WHAT THIS TASK INVOLVES — Using the listing below, print the line containing "A lakás a második", the line containing "In quasi 3 anni", and each line between them, exactly and nothing else. Pictures stay out of the print.

# # # # # # #

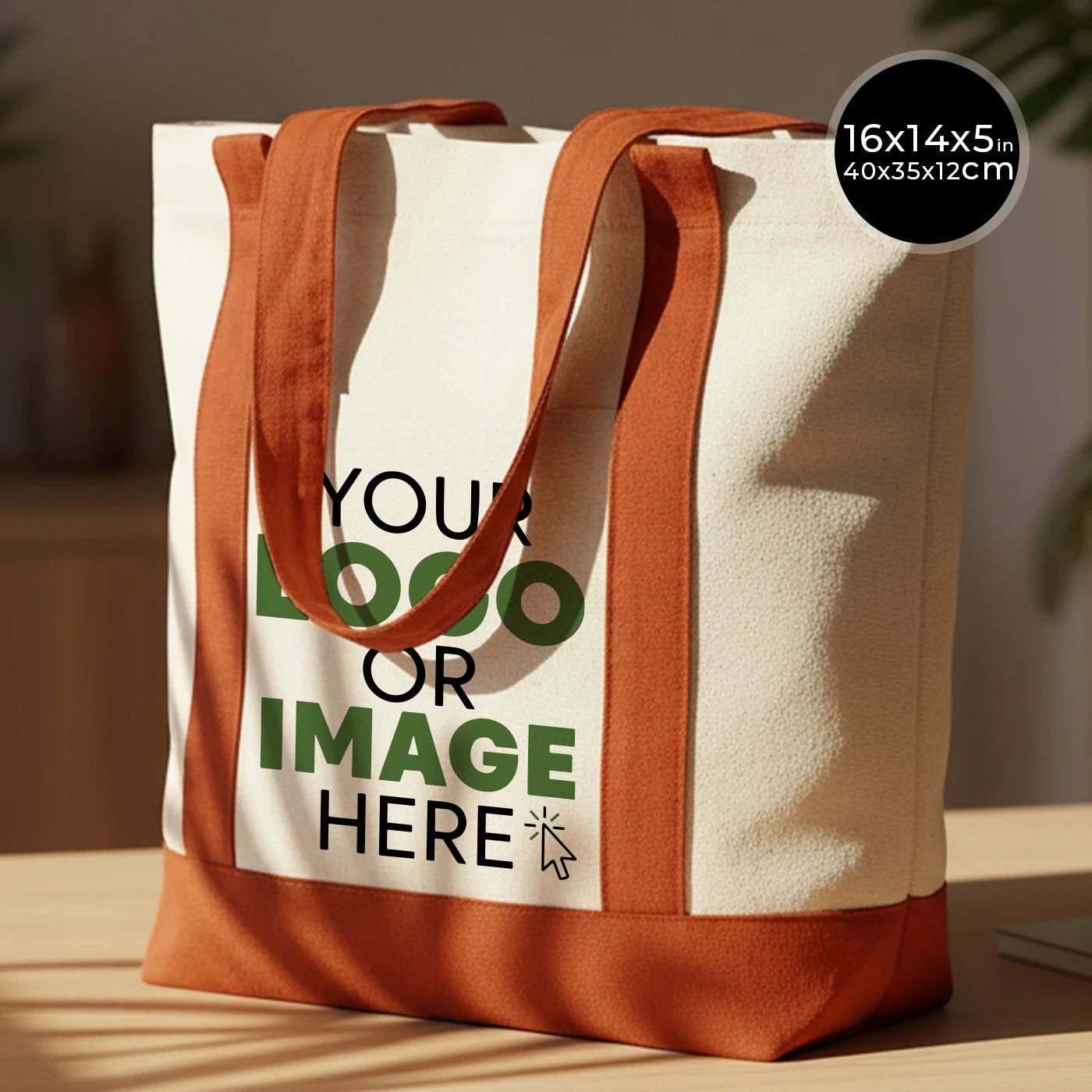 Large Trend Canvas Shopping Bag with Brown Handle, 16"W x 14"H x 5"L, Large Tote Bag 12 Oz, Personalized
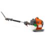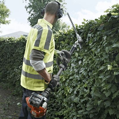 Long reach hedge trimmer also known as a Pole hedge trimmer can cut up to a height of 3 metres. This machine is supplied with PPE including face protection. Additional Information: A professional hedge trimmer with an adjustable cutter bar and extra-long pole - the engine serves as a counterweight to the cutting bar - making this Long Reach Hedge Trimmer exceptionally comfortable and easy to use when cutting taller hedges. With the extra-long handles added with the easily adjustable head you will be able to reach and perfectly finish the tops of your hedges. Basic Working Techniques: Wear clothes made of a strong fabric and avoid loose clothing that can catch on twigs and branches. Inspect the working area and remove any objects that could be thrown out. Always ensure you have a safe and stable working position. Always use both hands to hold the machine and hold the machine at the side of your body. When trimming a hedge - the engine should always face away from the hedge. Work with a swinging action from the bottom upwards when trimming sides. Make sure that the tip does not touch the ground. Never work from a ladder - stool or any other raised position that is not fully secured. This machine is only designed for cutting branches and twigs and is the safest way to reach and trim tall hedges and bushes. Based On: Husqvarna 327HE4x Long Reach Hedge Trimmer Power Output: 0.9kW Maximum Power Speed: 8400rpm Fuel Tank Volume: 0.5l Idling Speed: 2700rpm Knife Length: 55cm Teeth Opening: 29mm Knife Adjustment Range - Up/Down Down: 85 ° Knife Adjustment Range - Up/Down Up: 90 ° Recommended Maximum Twig Diameter: 20mm Cutting Speed: 4184 cut/min Sound Pressure Level At Operators Ear: 92dB(A) Sound Power Level - Guaranteed (LWA): 106dB(A) Equivalent Vibration Level (ahv - eq) Front Handle: 4m/s² Equivalent Vibration Level (ahv - eq) Rear Handle: 5m/s² Weight: 6.6kg
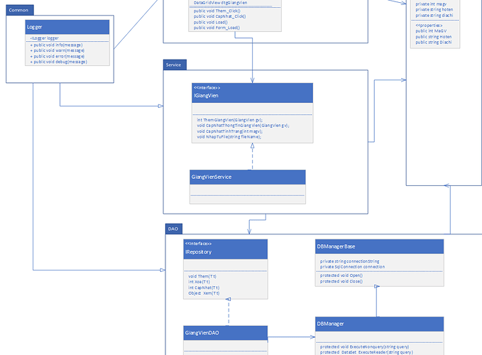 Em mới học lập trình và đang thắc mắc về một số lớp trong mô hình đa lớp GUI, Service,DAO,DTO,Comon.
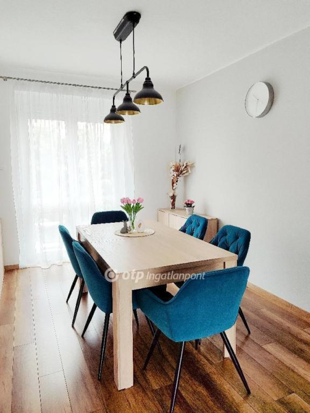A lakás a második emeleten található, egy igényes társasházban, és minden részletében a kényelmet és minőséget képviseli. Az alsó szinten egy hatalmas, világos nappali fogad, hatalmas üvegfelületekkel, amelyek beengedik a természetes fényt és megnyitják a teret. Innen nyílik a napfényes étkező és az erkély ? tökéletes helyszín baráti reggelikhez vagy nyugodt esti borozáshoz. A modern, gépesített konyha nemcsak stílusos, de praktikus is: kamrával és rengeteg tárolóhellyel segíti a mindennapi kényelmet. A szinten található még egy zuhanyzós fürdőszoba WC-vel ? tökéletes a vendégek vagy a nagyobb család számára is.
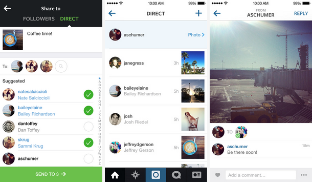 In quasi 3 anni la community di Instagram si è espansa sempre più raggiungendo quota 150 milioni di persone e da oggi, grazie ad Instagram Direct, sarà possibile inviare foto e video non più solamente a tutte le persone che ci seguono bensì direttamente ed esclusivamente a determinate persone.
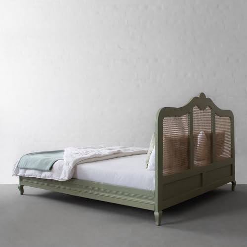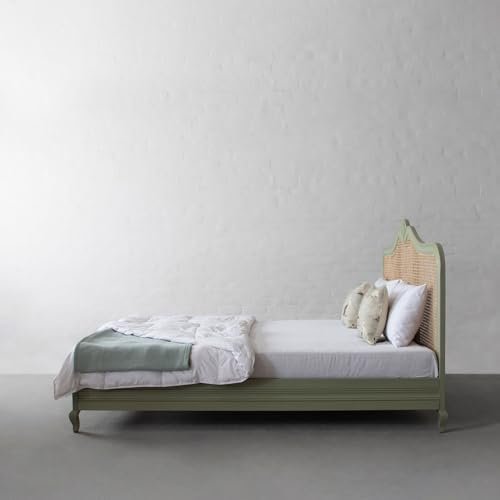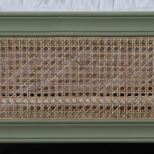 Noziya Solid Mango Wooden Rattan Bed, a perfect blend of elegance and durability for your bedroom, hotel, or home. Crafted with precision from high-quality solid mango wood, this bed boasts a unique green finish that adds a touch of sophistication to any space. The highlight of this bed is its exquisite rattan headboard, providing a stylish focal point and a comfortable support for leaning back and relaxing. With its timeless design, this bed seamlessly complements various interior styles, making it a versatile and enduring addition to your living space.
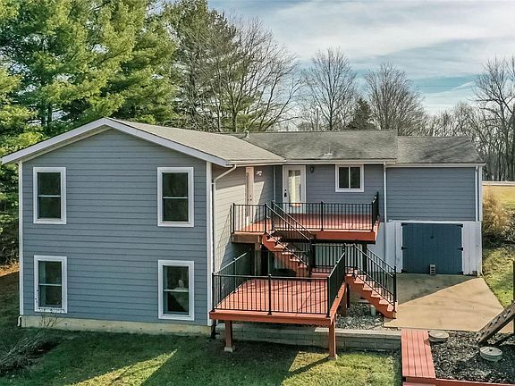 Single-family home built in 1965. The residence offers 3 bedrooms and 2.5 bathrooms within approximately 1,900 square feet of living space, all situated on a 1.19-acre lot. The home features a welcoming living room with wood flooring and a large picture window that allows ample natural light. The kitchen is equipped with 42-inch maple-style cabinetry, a tiled backsplash, ceramic tiled flooring, and includes a refrigerator. The expansive primary bedroom boasts a vaulted ceiling, private access to a deck, and a luxury bathroom with a whirlpool tub and separate shower. The partially finished lower level offers a family room, iron-style spindled staircase, ceiling fan, half bath, and walk-out access to a spacious patio overlooking wooded surroundings. The property includes an oversized one-car garage, a two-car-wide driveway, and an additional one-car garage/workshop located beneath the main garage. Multiple decks and a spacious patio provide serene views of the wooded lot, Welcome Home.
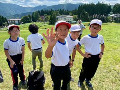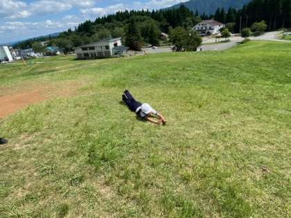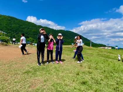近くの高原を散策しました。虫をつかまえたりやまびこをしたり転がったりして自然を満喫しました。
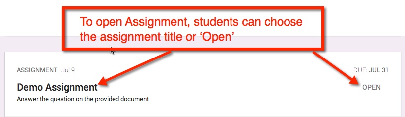 IF the teacher shared a document with the student(s), then the document title can be chosen and it will open in a new window. The student(s) can then edit in that document. Once the assignment is completed, the student can turn in the document from the Assignment Page.
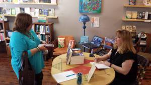 We had so much fun! Thank you all who came out to spend time with me and get some books signed! The gang at Books & Boards were so terrific as were the girls at Three Sisters Pie Co. I can’t wait to do it again!
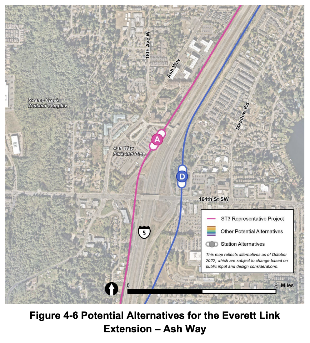 - Alternative ASH-D would locate an at-grade station on the east side of I-5 just north of 164th Street SW.
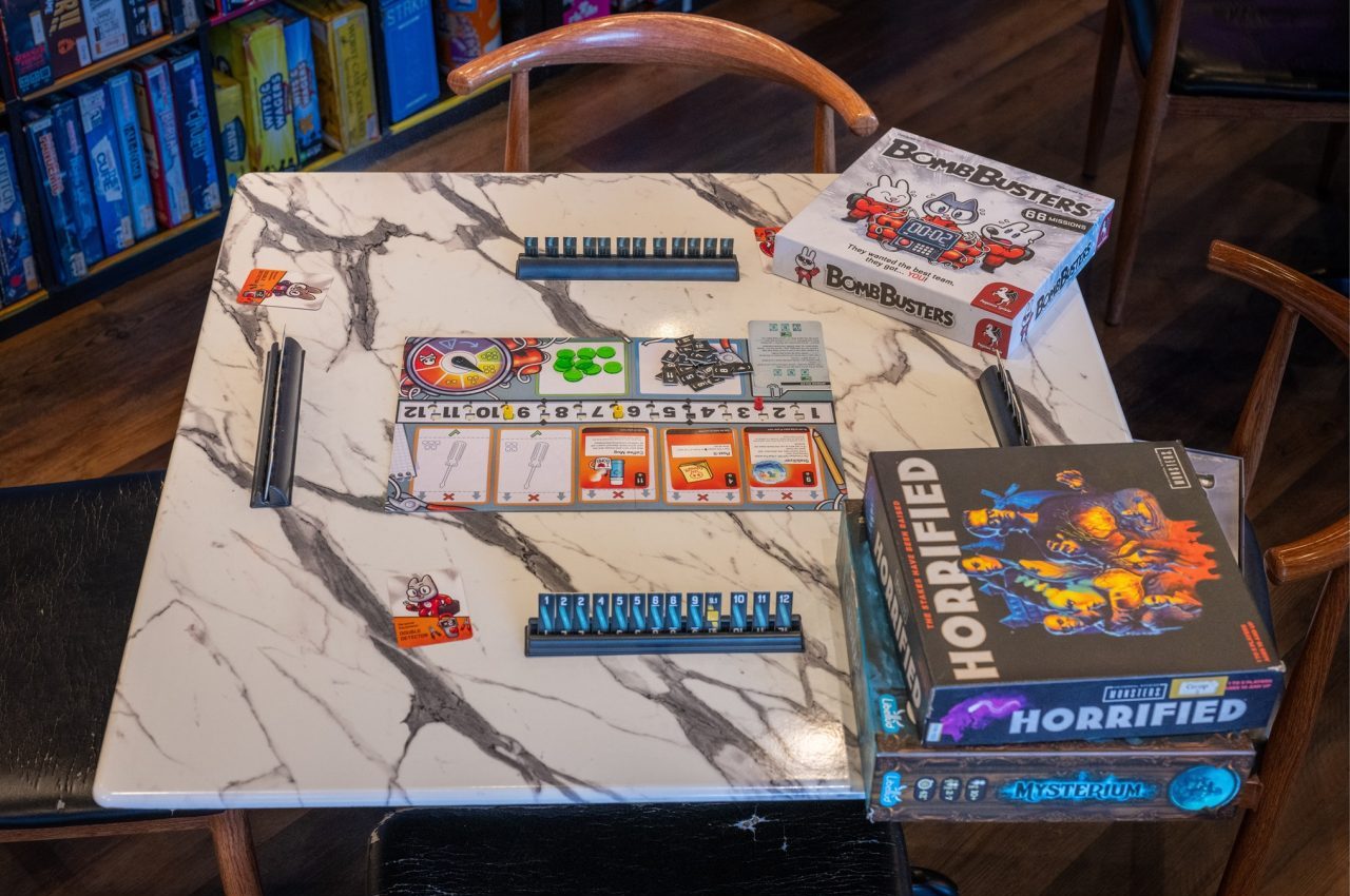 Our game library caters to all. Whether you’re in for light hearted laughs, brutal competition, old favorites or the latest games, you can find it on our shelves.

# # # # # # #

OUTPUT —
A lakás a második emeleten található, egy igényes társasházban, és minden részletében a kényelmet és minőséget képviseli. Az alsó szinten egy hatalmas, világos nappali fogad, hatalmas üvegfelületekkel, amelyek beengedik a természetes fényt és megnyitják a teret. Innen nyílik a napfényes étkező és az erkély ? tökéletes helyszín baráti reggelikhez vagy nyugodt esti borozáshoz. A modern, gépesített konyha nemcsak stílusos, de praktikus is: kamrával és rengeteg tárolóhellyel segíti a mindennapi kényelmet. A szinten található még egy zuhanyzós fürdőszoba WC-vel ? tökéletes a vendégek vagy a nagyobb család számára is.
 In quasi 3 anni la community di Instagram si è espansa sempre più raggiungendo quota 150 milioni di persone e da oggi, grazie ad Instagram Direct, sarà possibile inviare foto e video non più solamente a tutte le persone che ci seguono bensì direttamente ed esclusivamente a determinate persone.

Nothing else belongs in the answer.